A bascule bridge is a type of bridge that can be raised to provide clearance for waterway traffic, and is also referred to as a lifting bridge or a drawbridge.

A bascule bridge is a type of bridge that can be raised to provide clearance for waterway traffic, and may sometimes also be referred to as a lifting bridge or a drawbridge. It makes use of a counterweight to balance a span or leaf through its upward trajectory. The balance of the weight is sometimes adjusted according to the frequency of waterway traffic.

The span can be single or double, and in rare cases it may even be triple or quadruple. The word ‘bascule’ is French in origin and translates loosely as a seesaw or a balancing mechanical device. It is thought that bascule bridges were first designed during the mediaeval era in Europe, when they served defensive purposes.

The original version of London Bridge, which was designed in 1176 by Peter Colechurch, was a wooden bascule bridge that remained in operation until the late 1400s. The current structure, which opened in 1973, is a prestressed concrete box girder bridge. 

The longest double-leaf bascule bridge in the world is the Broadway Bridge in Portland, Oregon, USA. It was built in 1913 to span the Willamette River and its total length is 1,742ft with a maximum span of 297ft. The bridge is named after the street it carries, and it has four lanes for two-way traffic. 

The Broadway Bridge opens to allow the passing of river traffic about 25 times a month, and carries approximately 30,000 vehicles per day, plus thousands more cyclists and pedestrians. The structure was added to the National Register of Historic Places in 2012.

In the UK, the famous Tower Bridge over the River Thames in London has a double-leaf span and also has suspension bridge design elements. It is a Grade I listed structure and was built between 1886 and 1894 to provide improved access to the East End of London. 

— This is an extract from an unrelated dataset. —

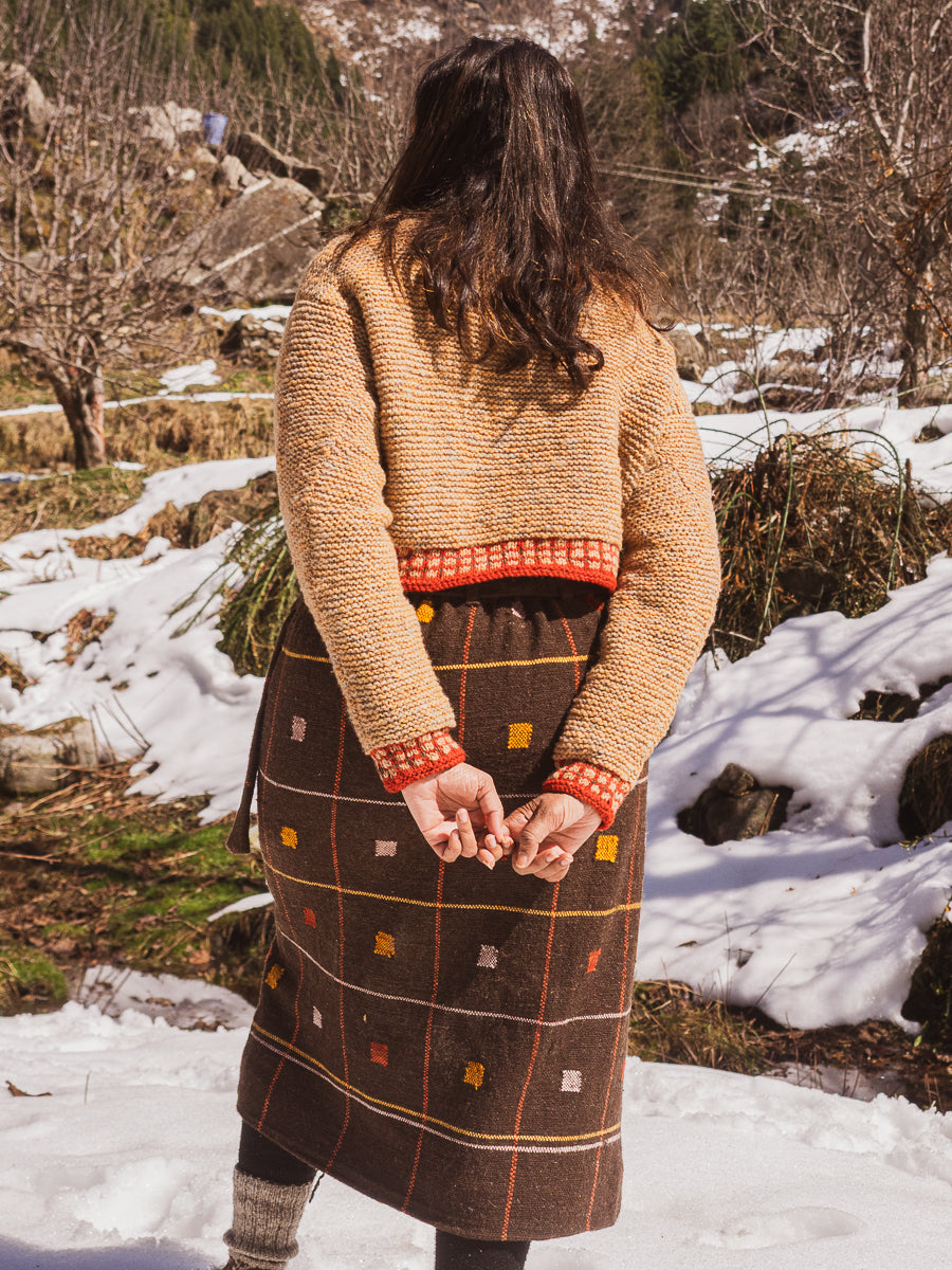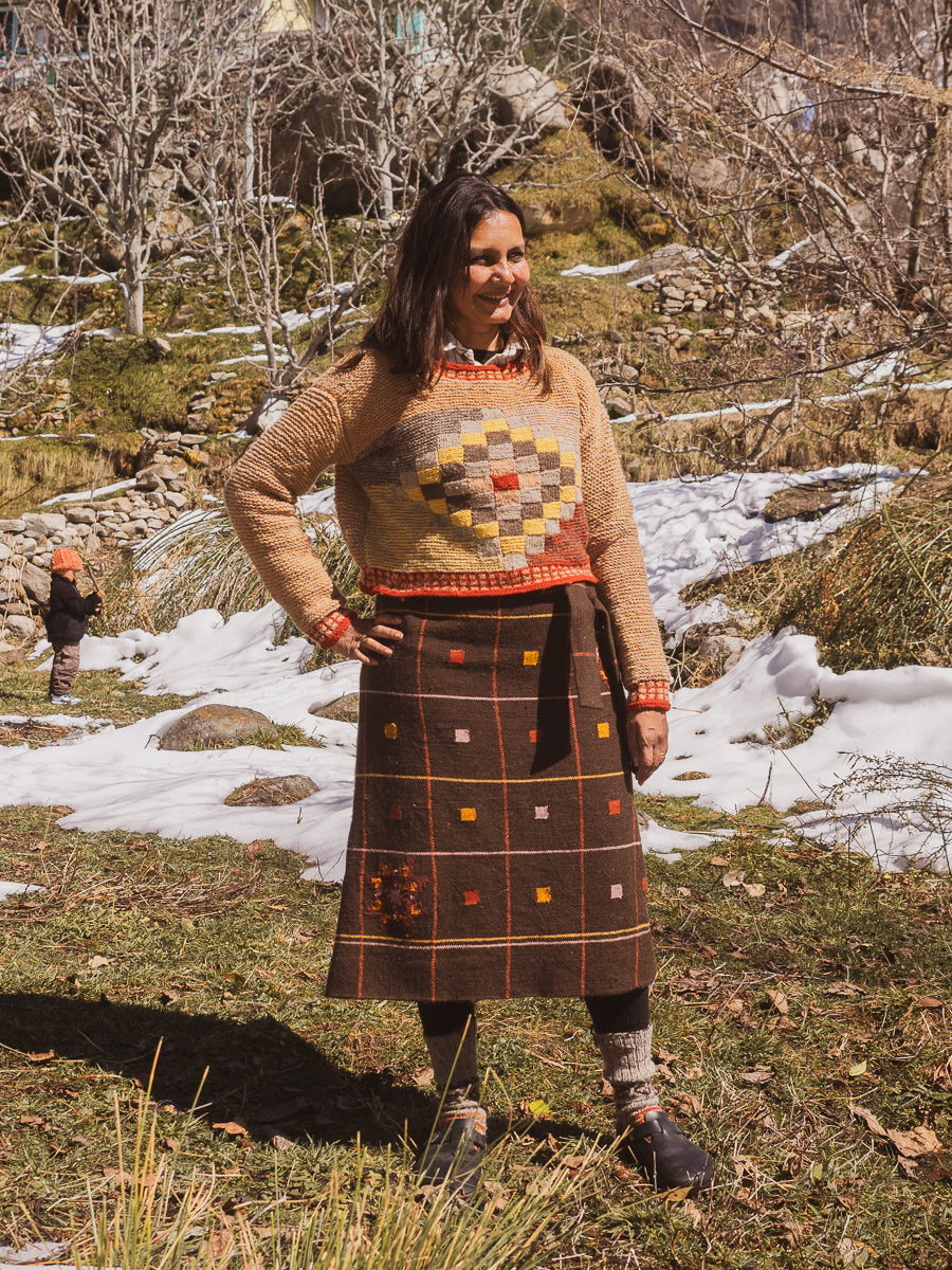 In collaboration with the Gaddis to procure their indigenous wool, this pastoral tribe of the Himalayas known for their unique shepherding practices. They traverse the high Himalayan ranges annually, covering thousands of kilometers with their sheep to migrate to traditional pastures. Each Kullvi Whims piece embodies the essence of the mountains as every piece undergoes a natural dyeing process with colours derived from local native flora. Every knitted or woven piece serves not only as a beautiful creation but also narrates the stories of its maker and the journeys undertaken across the breathtaking Himalayan landscape.

New Civil Engineer reports that the opening of a new bascule bridge in Great Yarmouth has been delayed until 2024. The £121m twin-leaf Herring Bridge is designed to carry traffic over the River Yare, and opens in the middle to allow taller river traffic to pass. The bridge is due to open to river traffic shortly, but the opening for road traffic has been postponed. 

 No specific reason was given for the delay, but the bridge is being assessed by specialists. A joint statement issued by Norfolk County Council and Bam Farrans said: “We are in the final stages of preparing Herring Bridge for opening and we would like to thank the public for their continued patience and support.”

“Our team is working closely with the port authority to bring the bridge into operation for river traffic, which we anticipate in the coming weeks. The road section will follow thereafter. We will provide further details on an opening date following the completion of our marine vessel operations phase.”

The project has already been delayed by the discovery of a vole burrow at the site, and also an unexploded 250kg WWII bomb.